Repeat only the lines below from the one that contains "auf Ihrer Party." through the final line, exactly. Omit pictures.
*** Opening of Supplied data ***
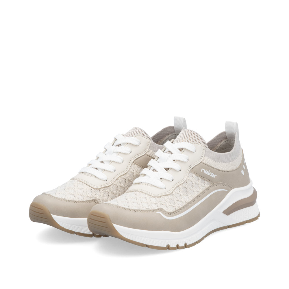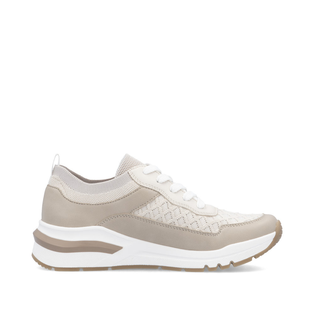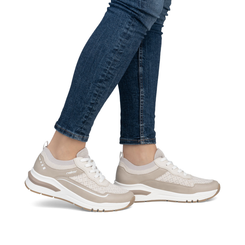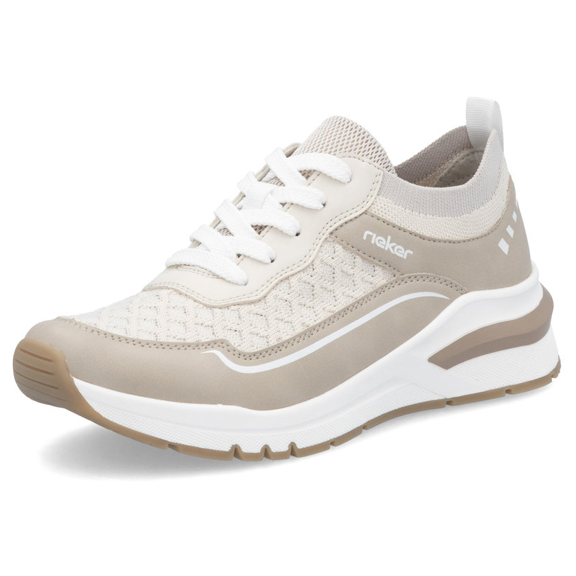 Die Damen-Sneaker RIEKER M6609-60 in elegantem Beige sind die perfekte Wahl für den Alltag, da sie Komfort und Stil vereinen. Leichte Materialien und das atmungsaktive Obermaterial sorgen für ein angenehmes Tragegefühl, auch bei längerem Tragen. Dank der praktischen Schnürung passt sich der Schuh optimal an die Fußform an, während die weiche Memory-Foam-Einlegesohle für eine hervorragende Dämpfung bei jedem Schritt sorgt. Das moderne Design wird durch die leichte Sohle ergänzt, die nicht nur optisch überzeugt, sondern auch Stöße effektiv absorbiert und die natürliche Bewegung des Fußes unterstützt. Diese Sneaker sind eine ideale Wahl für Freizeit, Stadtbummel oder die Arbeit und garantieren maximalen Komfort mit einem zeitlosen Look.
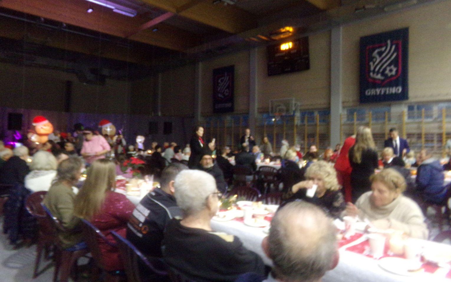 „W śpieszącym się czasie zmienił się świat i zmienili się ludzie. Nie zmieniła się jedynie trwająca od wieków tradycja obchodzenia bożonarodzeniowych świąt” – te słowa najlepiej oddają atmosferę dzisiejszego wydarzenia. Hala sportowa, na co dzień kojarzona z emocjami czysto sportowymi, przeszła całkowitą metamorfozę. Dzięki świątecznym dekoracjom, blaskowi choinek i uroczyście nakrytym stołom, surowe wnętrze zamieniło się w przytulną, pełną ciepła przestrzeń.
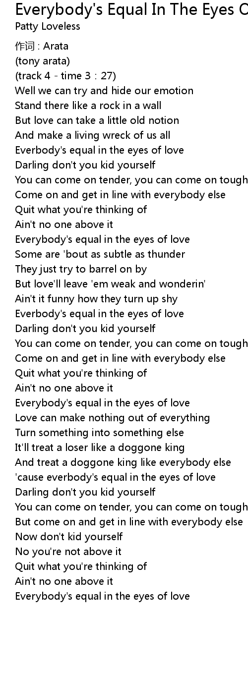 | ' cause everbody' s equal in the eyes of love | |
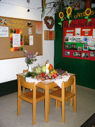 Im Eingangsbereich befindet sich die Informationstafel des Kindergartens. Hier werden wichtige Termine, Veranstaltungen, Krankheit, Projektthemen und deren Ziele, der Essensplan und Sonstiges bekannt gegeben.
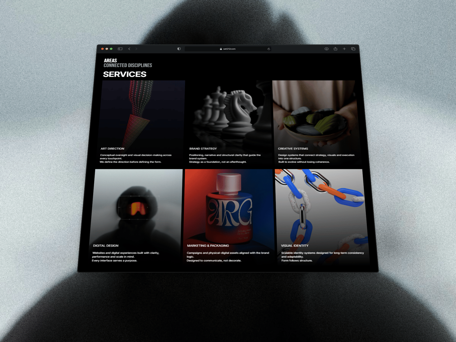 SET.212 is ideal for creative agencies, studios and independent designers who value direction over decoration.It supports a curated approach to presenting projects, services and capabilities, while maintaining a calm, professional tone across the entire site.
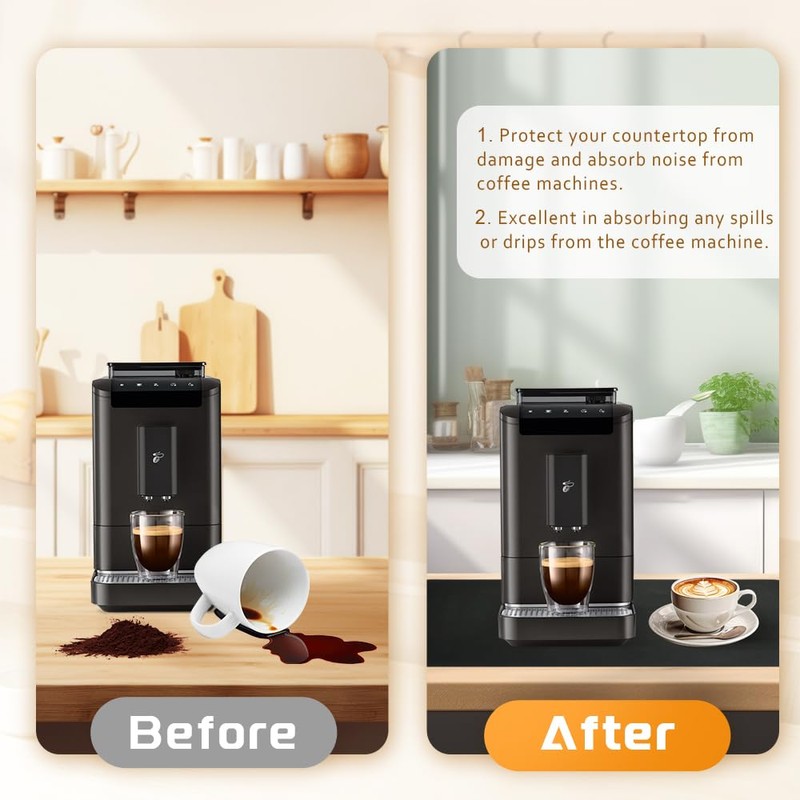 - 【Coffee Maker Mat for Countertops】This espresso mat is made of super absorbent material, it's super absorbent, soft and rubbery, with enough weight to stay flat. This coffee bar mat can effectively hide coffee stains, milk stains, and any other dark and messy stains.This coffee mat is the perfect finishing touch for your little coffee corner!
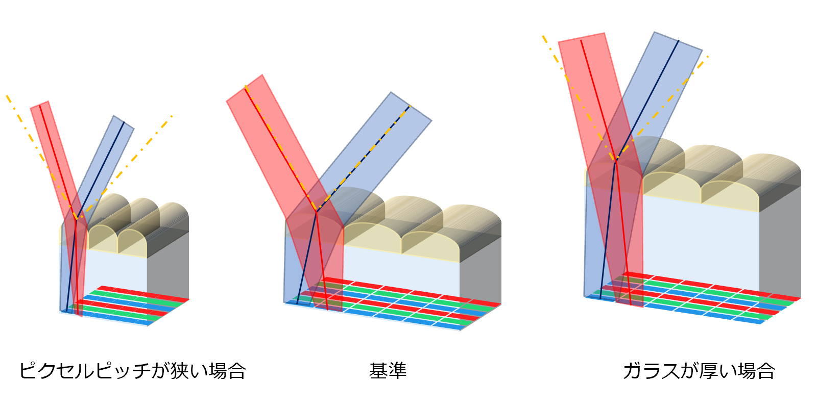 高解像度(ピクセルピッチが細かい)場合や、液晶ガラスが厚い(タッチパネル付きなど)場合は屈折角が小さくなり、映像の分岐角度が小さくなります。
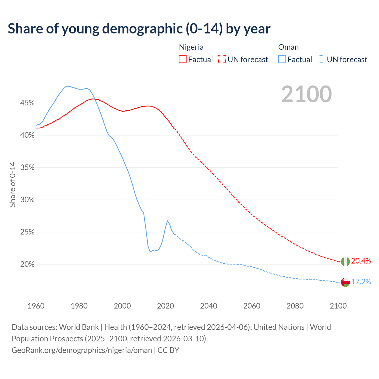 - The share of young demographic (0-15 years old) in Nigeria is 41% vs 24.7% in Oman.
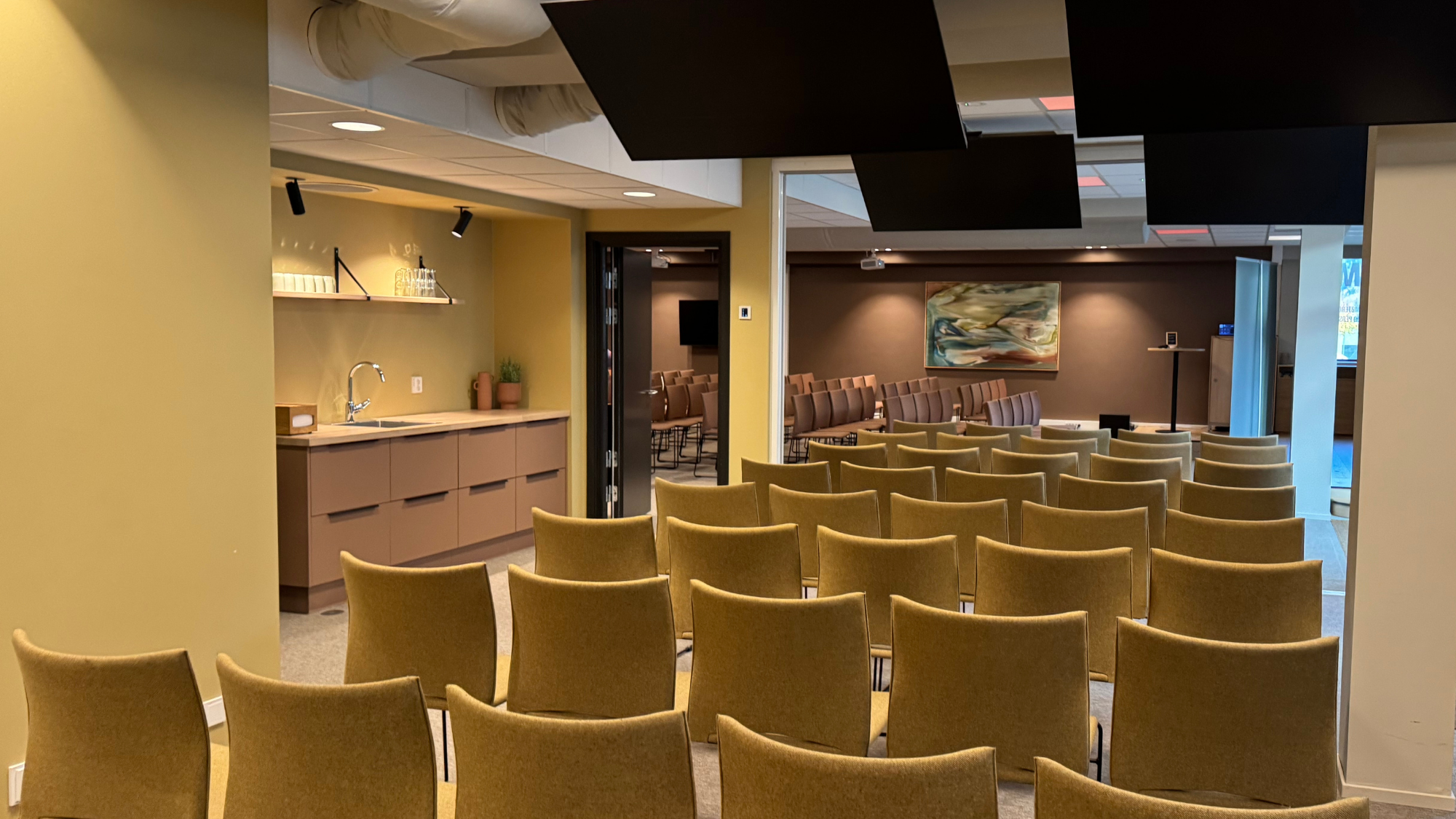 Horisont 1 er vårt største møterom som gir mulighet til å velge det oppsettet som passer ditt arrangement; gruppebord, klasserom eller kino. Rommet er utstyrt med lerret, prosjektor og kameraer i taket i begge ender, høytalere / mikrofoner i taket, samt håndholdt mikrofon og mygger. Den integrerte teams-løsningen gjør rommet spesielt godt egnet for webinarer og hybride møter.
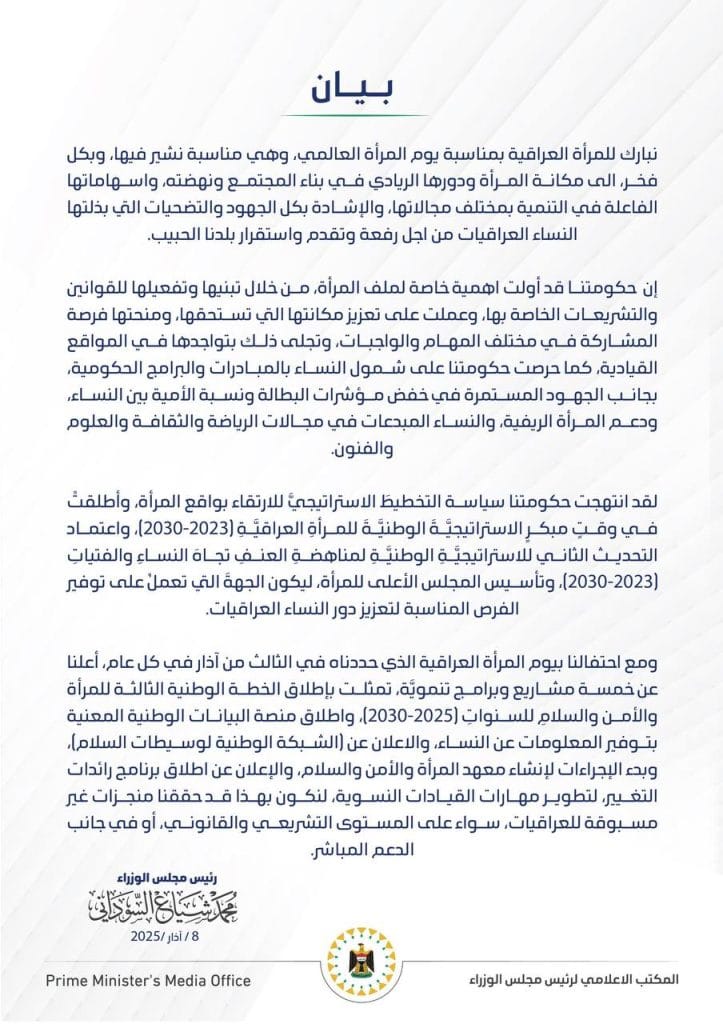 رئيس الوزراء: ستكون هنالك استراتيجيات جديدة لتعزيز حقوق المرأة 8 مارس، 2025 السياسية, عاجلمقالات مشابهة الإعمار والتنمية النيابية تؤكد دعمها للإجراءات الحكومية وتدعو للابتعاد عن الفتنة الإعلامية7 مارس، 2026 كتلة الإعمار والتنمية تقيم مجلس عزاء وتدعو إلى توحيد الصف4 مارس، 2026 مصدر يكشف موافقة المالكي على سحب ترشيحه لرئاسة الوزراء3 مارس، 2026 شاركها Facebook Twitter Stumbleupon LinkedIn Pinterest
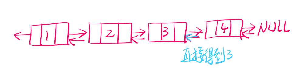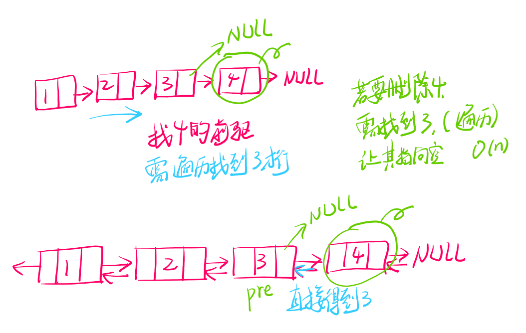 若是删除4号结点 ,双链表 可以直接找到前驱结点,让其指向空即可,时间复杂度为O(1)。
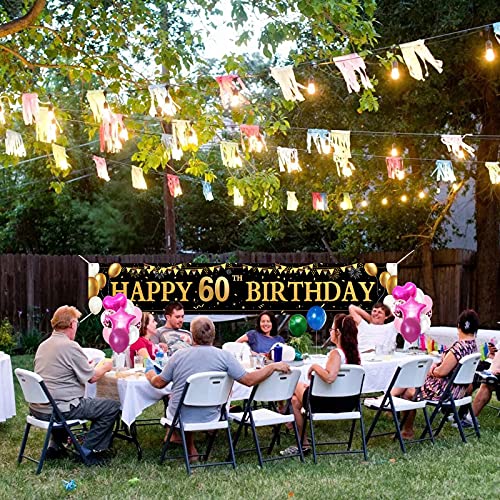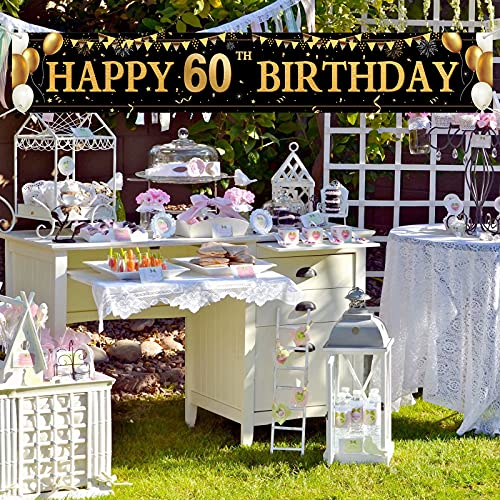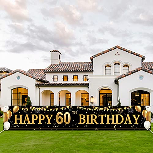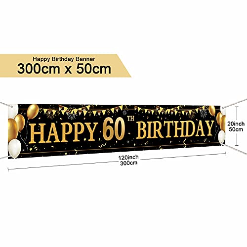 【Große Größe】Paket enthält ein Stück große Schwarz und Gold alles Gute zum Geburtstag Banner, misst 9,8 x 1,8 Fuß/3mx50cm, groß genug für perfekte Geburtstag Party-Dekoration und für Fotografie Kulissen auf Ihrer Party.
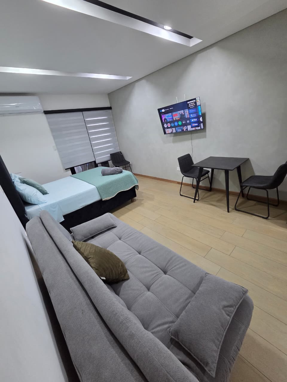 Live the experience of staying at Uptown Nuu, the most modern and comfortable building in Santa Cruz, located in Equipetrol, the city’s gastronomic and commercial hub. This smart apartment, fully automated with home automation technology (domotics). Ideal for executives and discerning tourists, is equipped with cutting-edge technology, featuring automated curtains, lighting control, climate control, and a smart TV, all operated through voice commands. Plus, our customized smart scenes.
*** Close of Supplied data ***
- _Response to the exercise_:
 【Große Größe】Paket enthält ein Stück große Schwarz und Gold alles Gute zum Geburtstag Banner, misst 9,8 x 1,8 Fuß/3mx50cm, groß genug für perfekte Geburtstag Party-Dekoration und für Fotografie Kulissen auf Ihrer Party.
 Live the experience of staying at Uptown Nuu, the most modern and comfortable building in Santa Cruz, located in Equipetrol, the city’s gastronomic and commercial hub. This smart apartment, fully automated with home automation technology (domotics). Ideal for executives and discerning tourists, is equipped with cutting-edge technology, featuring automated curtains, lighting control, climate control, and a smart TV, all operated through voice commands. Plus, our customized smart scenes.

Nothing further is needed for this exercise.